Conclusion and implications

The new era involves enormous amounts of data, which should be fully utilized for the advancement and enhancement of traditional systems in many sectors, especially in education. This study involved a bibliometric analysis of 250 publications regarding education big data and learning analytics. The increasing number of publications involving education big data and learning analytics publications during the past 10 years, from 2012 until 2021, implies that the importance of both of these topics has been acknowledged. Most of the relevant journals were published by IEEE, which has made a significant contribution to the field of education big data and learning analytics. Moreover, the most productive author to date is Ben Williamson, currently affiliated with the University of Edinburgh, UK, with a total of 1700 citations since his first publication in this area in 2007. Moreover, this study also found that the United States, with a total of 59 publications, is the most significant country in the area of education big data and learning analytics research, with its most prolific institution being City College of New York. The United States also had the highest total link strength of co-authorship on education big data and learning analytics. Since the United States is a big country, its exposure of the importance of using education big data and learning analytics worldwide is highly significant. “Big Data” and “Learning Analytics” were the keywords with the highest occurrence in most of the publications analyzed in this study. Most of the journals used these two keywords to explain details about education big data and learning analytics research. Computer Science and Social Sciences appear to be the most important subject areas regarding education big data and learning analytics. Both of these areas play important parts in making full use of the benefits of education big data and learning analytics. Other sectors were also involved, such as engineering, mathematics, art and humanities, psychology, and many more.

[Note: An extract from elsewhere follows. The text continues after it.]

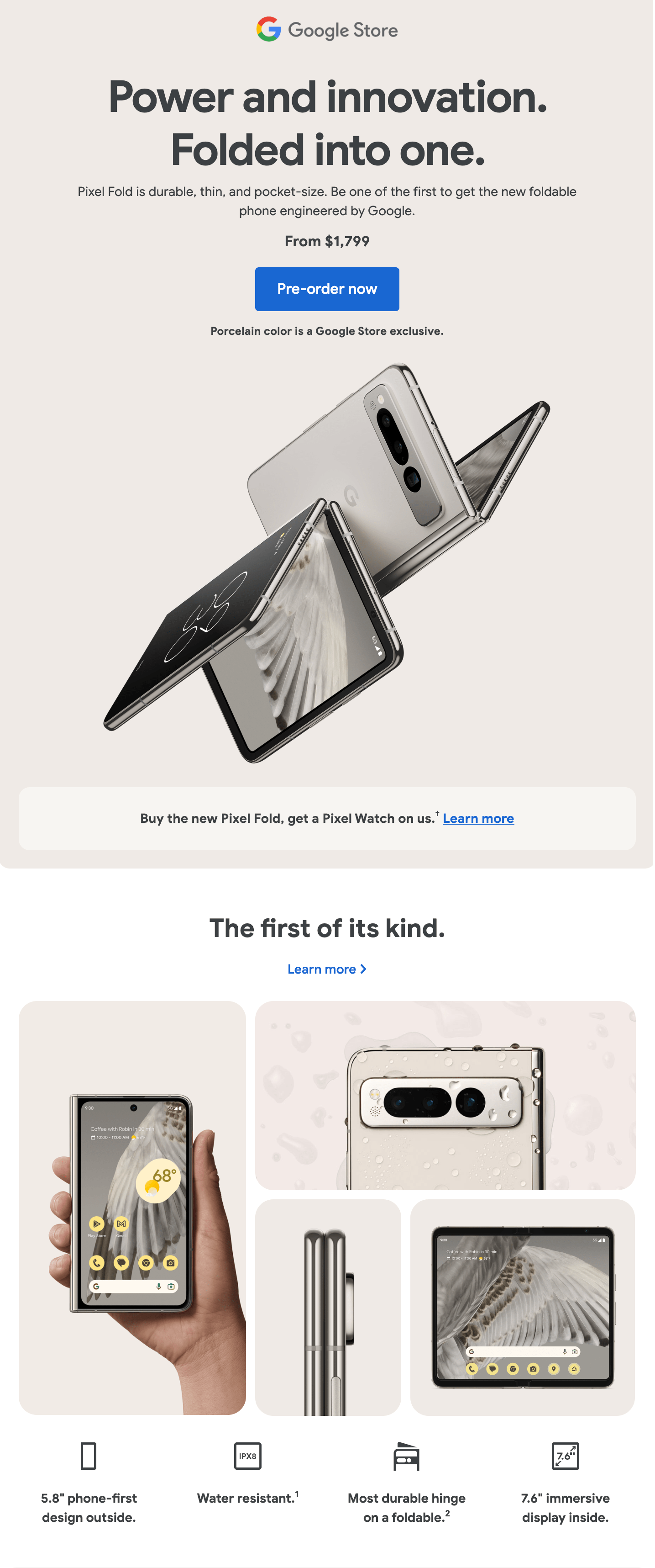Another great product launch email example is from Google announcing the launch of their new mobile device.
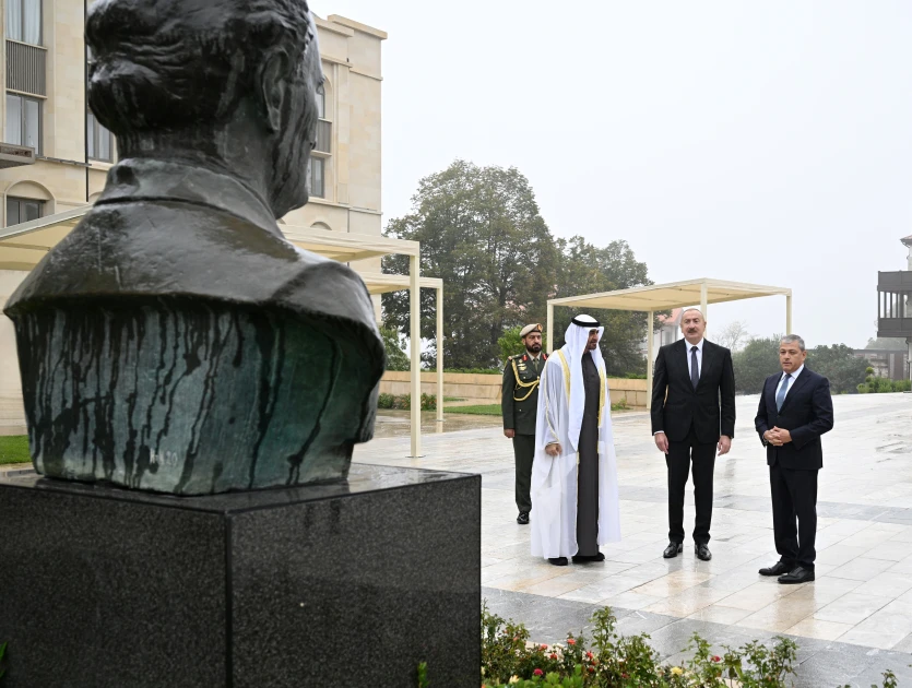 Sentyabrın 16-da Azərbaycan Respublikasının Prezidenti İlham Əliyev və Birləşmiş Ərəb Əmirliklərinin Prezidenti Şeyx Məhəmməd bin Zayed Al Nəhyan Şuşada Azərbaycanın tanınmış şəxsiyyətləri Natəvanın, Bülbülün və Üzeyir Hacıbəylinin erməni işğalçıları tərəfindən güllələnmiş heykəllərinə baxıblar.

The main conclusion that can be drawn from this study is that big data and learning analytics are currently important skills to be maneuvered. Both big data and learning analytics could bring many significant benefits, such as improving the e-learning environment, understanding learners’ behavior, advancement in learning strategies, and many more. Learning techniques can be enhanced to achieve the best structured analytical strategy by employing learning analytics. This future trend of manipulating big data and learning analytics is certainly growing, especially in the field of education. In the future, new teaching and learning impacts gained from education big data and learning analytics could escalate the trend of personalized learning, predictive analytics, and adaptive learning, and enable data-driven decision-making. Throughout the upcoming years, education big data and learning analytics will remain significant in the field of education.

Limitations

One of the limitations of this study is regarding limited information access, as it only used Scopus to identify publications to undergo bibliometric analysis. Other databases, such as Springer Link, IEEE Xplore Digital Library, or Web of Science, might have provided different insights and produced different results. In addition, the results of this research could also have been narrowed down and thus been more accurate if more specific keywords had been used in the analysis. The keywords used were “Education Big Data” and “Learning Analytics”. The depth of analysis could also have been increased if more keywords regarding education big data and learning analytics had been used, such as “Big Data Analytics”, “Educational Data Mining”, “Deep Learning,” and many more.